This report evaluates four reform options ranging from modest to comprehensive: limiting the deduction to primary residences only, capping deductible interest at $20,000 or $10,000 annually, and full repeal. We present revenue estimates under both current law and potential TCJA extension scenarios to inform policymakers considering these options in different legislative contexts. Additionally, we examine how reforms to the state and local tax (SALT) deduction would interact with MID policy, demonstrating that seemingly unrelated tax provisions can significantly amplify or diminish the mortgage interest subsidy.
Background
The mortgage interest deduction has transformed dramatically since its origins over a century ago. Initially, it was not designed as a homeownership incentive but emerged from a broader business-oriented tax policy. Because most businesses were family-owned, business's cash flows were often intertwined with that of the household, so allowing a deduction for all interest paid was a simple way to define net income for purposes of taxation across different types of taxpayers.
Until the 1986 Tax Reform Act, individuals could deduct interest payments on virtually any type of debt, including car loans, credit cards, and mortgages. This comprehensive interest deduction was part of the tax code's general treatment of borrowing costs rather than a targeted housing policy. But the 1986 reform fundamentally restructured these provisions, eliminating deductions for interest on consumer debt like credit cards and car loans while preserving the mortgage interest deduction. This converted the tax code's broad-based interest deduction, which does not favor any specify activity among debt-financed spending, to a narrow tax subsidy that applies specifically to certain taxpayers, creating horizontal inequities within the tax code.
The 2017 Tax Cuts and Jobs Act (TCJA) introduced the most significant changes to the MID since 1986. The legislation reduced the home acquisition debt limit from $1 million to $750,000 for mortgages originated after December 15, 2017, and eliminated the deduction for home equity loan interest entirely. However, like most individual tax provisions in the TCJA, these changes are temporary and will expire at the end of 2025, reverting to pre-2017 limits.

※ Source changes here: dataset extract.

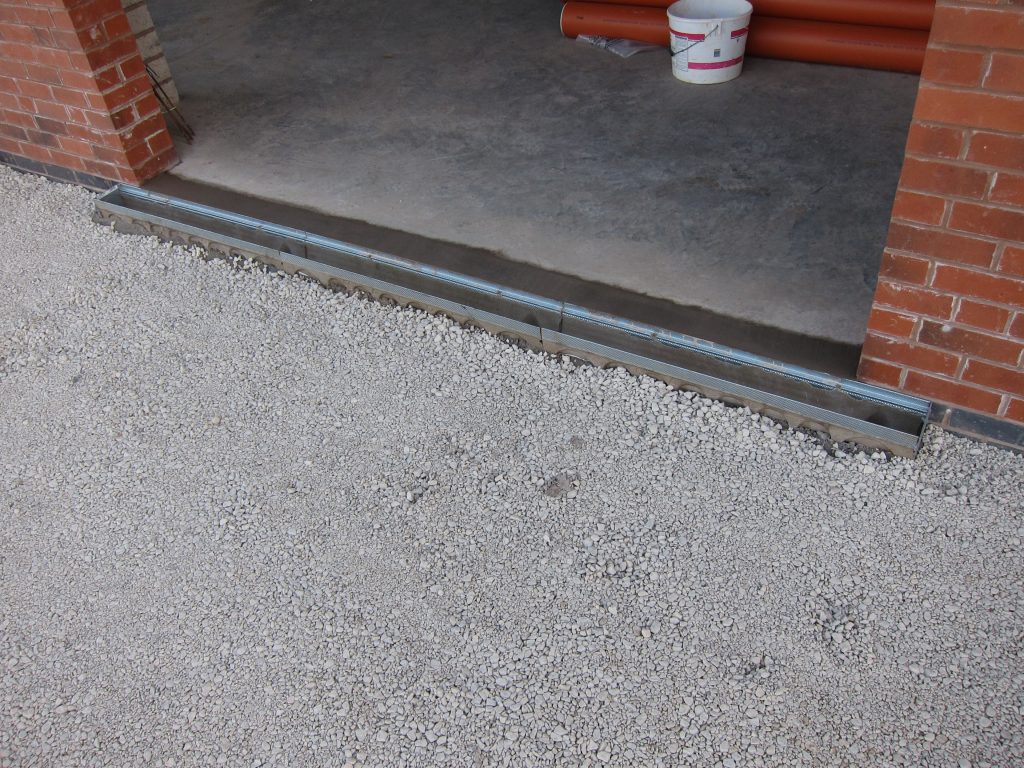 Filling the gap between the Garage floor slab and the four threshold drains with concrete (which should dry to better-match the colour of the floor slab). As previously noted, the Garage Doors (roller shutters) will sit behind the brickwork openings.

The TCJA's impact on MID utilization was profound, though largely indirect. By nearly doubling the standard deduction and placing restrictions on other itemized deductions, the law dramatically reduced the number of taxpayers who itemize their returns—a prerequisite for claiming the mortgage interest deduction. Itemization rates dropped substantially after enactment, with corresponding decreases in MID claims. In 2017, 87% of mortgage interest paid was reported on tax returns, but this fell to just about 50%in 2018.1 The number of returns claiming the MID declined by59%, while the total amount claimed dropped by 40%. The estimated cost of the deduction, measured as forgone revenue, fell from $66.4 billion in 2017 to $33.7 billion in 2018.2 Still, the MID ranks as one of the largest tax expenditures in the U.S. even after this reduction.

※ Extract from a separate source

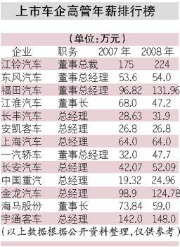一般而言,年度薪酬是和整个行业效益成正比的,但从附表所列的情况来看,除了江淮汽车和海马股份的董事长因为去年业绩下滑厉害而自降薪酬外,其余车企掌门人的薪酬与2007年相比基本是稳中有涨,其中上海汽车与安凯客车则是与2007年持平,江铃汽车、福田汽车和金龙汽车的掌门人2008年的薪酬同比2007年增长了三成左右,都在100万元以上,足以让乘用车企负责人“眼红”。上海汽车、长安汽车和一汽轿车这些规模庞大的乘用车的一把手的薪酬也不过65万元。

This reduction achieved one of the TCJA's stated goals—tax simplification—by moving millions of taxpayers from itemizing to taking the standard deduction. (The Budget Lab estimates that TCJA reduced the time burden of filing taxes by about 10 percent). However, the TCJA also had the effect of concentrating the remaining MID benefits among higher-income households, as they are more likely to have mortgage balances and other deductions large enough to make itemizing worthwhile. Returns with less than $200,000 in Adjusted Gross Income (AGI) accounted for almost 92% of the decline in the number of returns with MID and 93% of the drop in amount claimed from 2017 to 2018.

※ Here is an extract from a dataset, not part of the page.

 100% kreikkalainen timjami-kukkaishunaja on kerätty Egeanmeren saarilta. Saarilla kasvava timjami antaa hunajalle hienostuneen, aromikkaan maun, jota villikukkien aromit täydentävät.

According to a Joint Committee on Taxation (JCT) report, in 2024, taxpayers who earned more than $200,000 in AGI represented 49% of all mortgage interest deduction claimants but captured a disproportionate 71% of the total tax expenditure benefit.3 This concentration occurs because higher-income homeowners typically have larger mortgage balances, face higher marginal tax rates that amplify the value of deductions, and are more likely to itemize their returns.
Currently, a common justification for the MID is that it encourages homeownership by reducing the after-tax cost of borrowing to purchase a home. Proponents argue that widespread homeownership creates more stable communities, builds household wealth, and provides families with housing security.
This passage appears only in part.